Wednesday, February 23, 2011

Diaries at the Morgan

Christine Nelson , Drue Heinz Curator of Literary and Historical Manuscripts at The Morgan Library and Museum, has done a lovely job with the current exhibit, The Diary: Three Centuries of Private Lives. From the exhibit's companion blog:

"Where does a diary end and, say, a sketchbook or scrapbook begin? And what do we call a string of digital updates in which we reveal a little bit each day (or each hour, or each week) about what's on our minds? Or a public blog that tracks our periodic observations? All these forms of self-documentation have something in common with the traditional diary, with its focus on what I thought, felt, read, ate, spent, observed, or did today (and the next day, and the next)."

I've been wanting to see this exhibit since the day Prof. Michael Leddy mentioned it on his wonderful blog Orange Crate Art. I had the chance to go to the Pierpont Morgan Library with my kids today, and it was everything I'd hoped. The exhibit is housed in one room, sparsely adorned with only selected quotations from a few of the diaries displayed on the walls. The diaries themselves are presented neatly in cases with informative captions highlighting interesting facts about the authors or the writings themselves.

The diaries are presented in groupings such as "war diaries," "spiritual diaries," encrypted diaries, and diaries about works in progress, etc. with each diary open to a page of interest that gives the viewer just enough of a voyeuristic glimpse into the author's mind to be both intriguing and satisfying. John Steinbeck wrote famously on May 31, 1938, "Here is the diary of a book and it will be interesting to see how it all works out." The book was The Grapes of Wrath. We also saw the musings of Hawthorne as he was working out The Scarlet Letter, E.B. White on The Trumpet of the Swan, and diary drafts of Kingsley Amis's poems.

There were also observations of an American teenage actress in London (discussing how the British boys couldn't hold a candle to the ones back home), a chess diary by Ruskin, and diaries by Pepys (of course!), Thoreau, Einstein, Charles Seliger (whose penmanship strains the eye), Tennessee Williams (whose penmanship, by contrast, is large and loopy and a little multidirectional), John Tudor (from the period of the American Revolution), Bob Dylan (from much later!), Arthur Sullivan, and Sir Walter Scott. Charlotte Brontë's need to vent her frustration into a diary became kindling for her fiction writing, and I couldn't help smiling at one acerbic comment about "another who seems a rosy sugarplum but I know her to be colored chalk."

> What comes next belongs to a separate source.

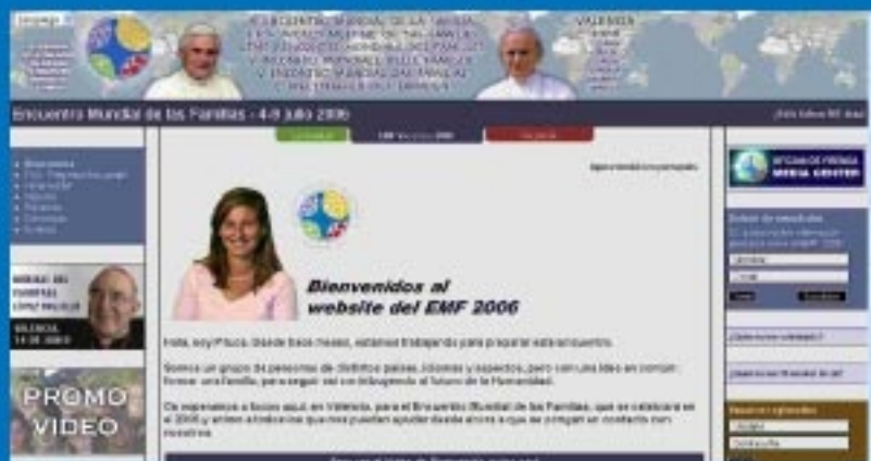
Página de bienvenida del "website" del V EMF.

I was especially taken by the very first volumes we encountered when we entered the room: a small notebook dating from the Renaissance with erasable pages coated with gesso, and the 19th-century hand-sewn diaries of Elizabeth Eastman Morgan, who lived in Western Massachusetts and wrote about her household chores (sausage- and candle-making, butter-churning, pickling, spinning wool, etc.) and the signs that marked the change of seasons (the peeping of frogs in April, the appearance of whortleberries in August). Her diary is featured in the companion online exhibit and podcasts, which are captivating in and of themselves and well worth an afternoon of browsing, especially for people who are unable to visit the Morgan before May 22 this year.

A special bonus was the chance to see Pierpont Morgan's restored 1906 library . Walking into the East Room reminded my kids and me of the scene in Disney's Beauty and the Beast when the Beast gives Belle the gift of a library, and she opens her eyes and sees a vast collection of books lining the walls from floor to ceiling. On display in the library's beautifully appointed rooms are some gorgeous illuminated manuscripts, a 15th-century block book, exquisitely detailed Babylonian cylinder seals, and music scores by Chopin, Liszt, and Mozart. The library website also offers, incidentally, a Music Manuscripts Online project, providing access to digitized versions of more than forty music manuscripts from the Morgan's holdings.

This was a wonderful exhibit. We bloggers are diarists of a sort, and collections like these churn up those delicious questions about why we do what we do and how we tell the stories of our lives. It's a lot of fun to see how some illustrious people have done just that over the centuries, setting down fragments of their minds for themselves and readers to see and contemplate again and again.